Exercise prompt
Extract the full listing verbatim and drop any pictures from your copy.

Exercise data
************
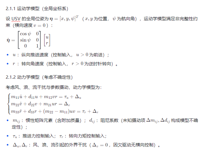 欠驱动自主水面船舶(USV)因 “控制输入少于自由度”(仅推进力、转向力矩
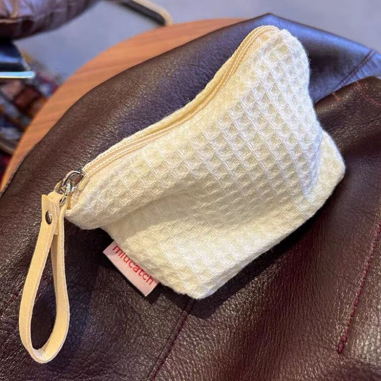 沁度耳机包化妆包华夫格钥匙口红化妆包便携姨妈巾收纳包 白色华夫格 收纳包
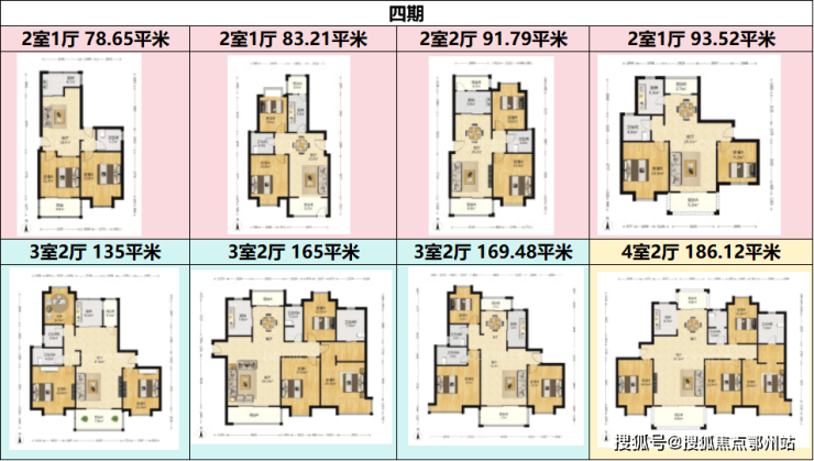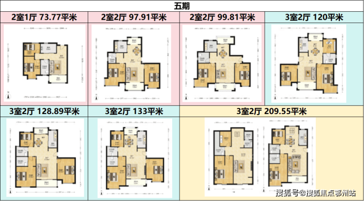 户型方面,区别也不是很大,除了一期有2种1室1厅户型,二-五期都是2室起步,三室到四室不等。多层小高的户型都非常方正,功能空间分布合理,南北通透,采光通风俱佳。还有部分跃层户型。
************
Result
 欠驱动自主水面船舶(USV)因 “控制输入少于自由度”(仅推进力、转向力矩
 沁度耳机包化妆包华夫格钥匙口红化妆包便携姨妈巾收纳包 白色华夫格 收纳包
 户型方面,区别也不是很大,除了一期有2种1室1厅户型,二-五期都是2室起步,三室到四室不等。多层小高的户型都非常方正,功能空间分布合理,南北通透,采光通风俱佳。还有部分跃层户型。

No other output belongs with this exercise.